Rueling the canvas: Artist Colin Ruel of West Tisbury

Colin Ruel in his studio. — Photo by Richard Saltzberg

For a painter to vacillate between styles is often a challenge. Colin Ruel does it with ease. A born Vineyarder who returns to the Island each summer from New York, Mr. Ruel manages to execute amazingly divergent paintings within the confines of modest studio spaces in West Tisbury and Brooklyn, spaces that are simultaneously occupied by his fiancé, jewelry designer Nettie Kent.

“Colin and I are so used to sharing a space in our daily lives that it just feels natural to work alongside each other as well,” said Ms. Kent. “Colin is so incredibly focused in his work that I find it helps me to focus on my own. I find it very helpful that we have a separate studio away from our home where we go with the intentions of focused work. Being a self-employed artist with the tendency towards work-addiction, I need that separation between my work and personal life.”

The focus Mr. Ruel musters enables him to create abstracts and landscapes with amazing stylistic differences. The abstracts, which echo 60’s modishness, Tole motifs, and Japanese folk paintings, feature shapes of leaves and plumage. In some works, they appear to be sprouting and twining, as if from a garden. In others, they hold to symmetries reminiscent of Rorschach blots. All the works are rooted in Mr. Ruel’s embrace of subconscious exploration.

“My paintings are representations of a spiritual conciseness,” said Mr. Ruel. “My work process and subject matter for my abstract work particularly are influenced by the shamanic practice of journeying. The journey is achieved by lulling your brain through repetitive drumming or sound. The process and result could be likened to that of self-hypnosis.”

Mr. Ruel’s landscapes, often better described as seascapes, appear heavily influenced by luminism. Many harbor colors are so soft it would seem they could only be achieved with pastels as opposed to the acrylics, gouache, and oils actually used. Their compositions are balanced to a fault, yet devoid of stiffness. They have a ghostly quality, one that doesn’t haunt but intrigues.

“These landscapes I’ve been working on have been a long time in the making,” Mr. Ruel said. “It’s hard to escape the overwhelming influences of the great painters on the Island — Allen Whiting, Doug Kent, Rez Williams — and work out a style that I feel is my own. The moodiness and the dream quality of the landscapes is still rooted in the spiritual aspect of the abstract work I do, but I give a finer point to the emotion I’m trying to convey.”

Fueled by the success of a similar event they held last year, on Friday, August 1, from 5 to 8 pm, Mr. Ruel and Ms. Kent will host a show and sale of their works beside the Bite in Menemsha (at Mr. Ruel’s grandparents’ shop).
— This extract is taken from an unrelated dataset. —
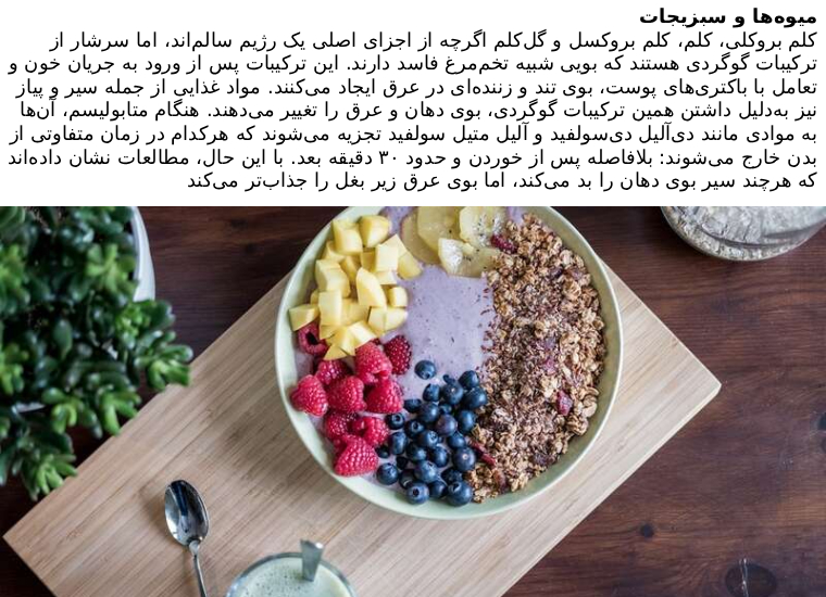 Foods from the allium family, such as garlic and onions, can also affect the smell of our sweat and breath for the same reason as cruciferous vegetables: when they're metabolised by the human body, they break down into stinky compounds like diallyl disulphide and allyl methyl sulphide, which are emitted by your body in slightly different timelines – right after ingestion and then, in the case of allyl methyl sulphide, with a peak 30 minutes later.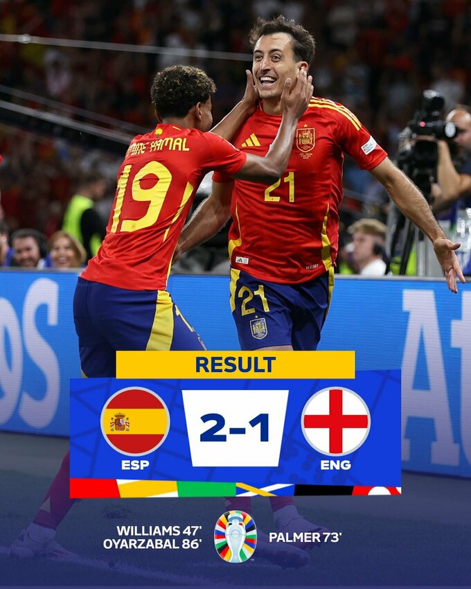 Сборная Испании выиграла финал со счетом 2:1 и завоевала главный трофей Евро-2024

“I use the show as more of a friends and family sale,” said Ms. Kent. “I offer my jewelry at a discount that I am unable to offer when I do an in-store trunk show. I will have my best selling pieces like the Compass pendant, Gates cuff and Slice of Sand necklace as well as some new pieces from my latest collection, Seven Sisters, that I haven’t shown here yet. I’m excited to see the reaction to some of my favorite pieces from that collection like the Iris pendant and the Callisto bangle.”

Mr. Ruel’s grandparents, James and Roberta Morgan, will also host a show of Mr. Morgan’s work (maritime art harkening back to the 1930’s) on August 15 from 5 to 8 pm in the same space.

Mr. Ruel’s admiration for his grandparents’ artistic talents is seasoned with respect for their humility. “I wonder if my grandparents have any idea how good their work with paintings and carving is,” he said. ”It has been really important and influential to me as my first concept of art and self-expression.”

This August, visitors to these shows can see both the fruit of Mr. Ruel’s self-expression as well as the familial tree that he feels bore it.